Key fix was incorporated into DRILL-5052.

> Code gen: create methods in fixed order to allow test verification
> ------------------------------------------------------------------
>
>                 Key: DRILL-5070
>                 URL: https://issues.apache.org/jira/browse/DRILL-5070
>             Project: Apache Drill
>          Issue Type: Bug
>    Affects Versions: 1.8.0
>            Reporter: Paul Rogers
>            Assignee: Paul Rogers
>            Priority: Minor
>             Fix For: 1.10
>
>
> A handy technique in testing is to compare generated code against a "golden" 
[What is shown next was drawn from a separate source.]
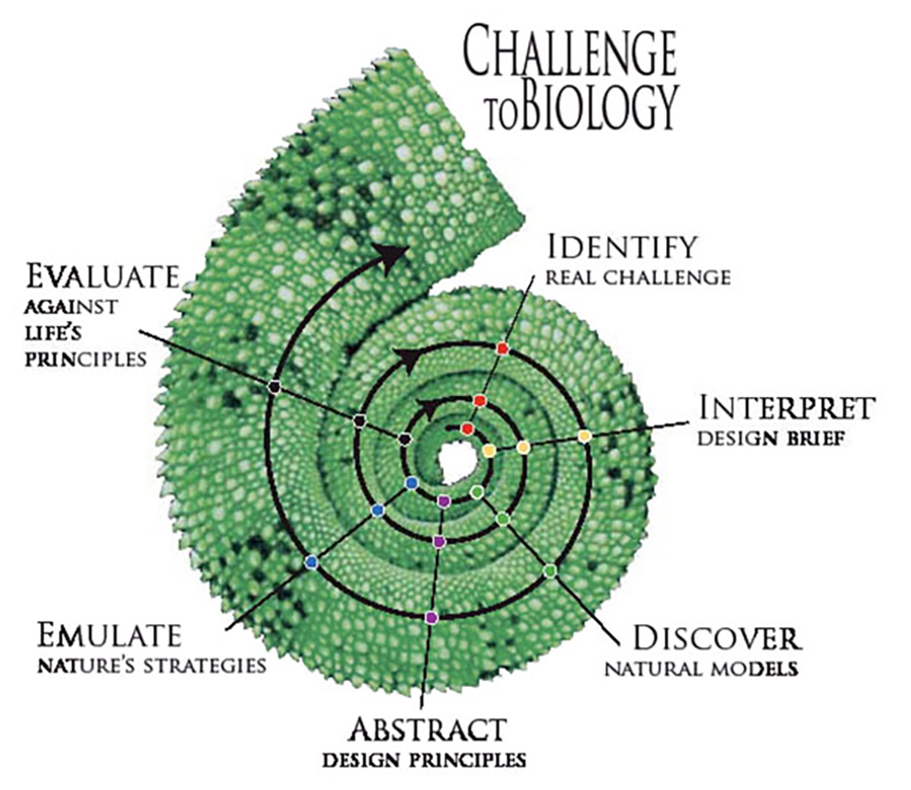 참고로, 1997년 재닌 베니어스(Janine Benyus) 바이오미미크리연구소 소장이 말한 ‘바이오미미크리(생체모방Biomimicry)’ 개념은 생명 ‘Bios’에 모방 ‘Mimesis’가 합쳐져, 38억 년 동안 진화하며 최적화가 항상 진행 중인 자연의 형태와 기능, 시스템에서 영감을 얻어 혁신을 이루는 일이다. 바이오미미크리 연구학회는 자연이 진화를 하는 방식에서 착안한 ‘디자인 나선Design Spiral’이라는 디자인 프로세스를 소개했다. ‘디자인 나선’은 1) 문제 파악하기, 2) 생물학적 자연 해석, 3) 영감 발견, 4) 자연의 패턴 추상화, 5) 디자인으로 모방하기, 6) 평가, 7) 발전 가능성 확인하기, 총 7단계를 거친다.

> copy that defines the expected results. However, at present, Drill generates 
> code using the method order returned by {{Class.getDeclaredMethods}}, but 
> this method makes no guarantee about the order of the methods. The order 
> varies from one run to the next. There is some evidence [this 
> link|http://stackoverflow.com/questions/28585843/java-reflection-getdeclaredmethods-in-declared-order-strange-behaviour]
>  that order can vary even within a single run, though a quick test was unable 
> to reproduce this case.
> If method order does indeed vary within a single run, then the order can 
> impact the Drill code cache since it compares the sources from two different 
> generation events to detect duplicate code.
> This issue appeared when attempting to modify tests to capture generated code 
> for comparison to future results. Even a simple generated case from 
> {{ExpressionTest.testBasicExpression()}} that generates {{if(true) then 1 
> else 0 end}} (all constants) produced methods in different orders on each 
> test run.
> The fix is simple, in the {{SignatureHolder}} constructor, sort methods by 
> name after retrieving them from the class. The sort ensures that method order 
> is deterministic. Fortunately, the number of methods is small, so the sort 
> step adds little cost.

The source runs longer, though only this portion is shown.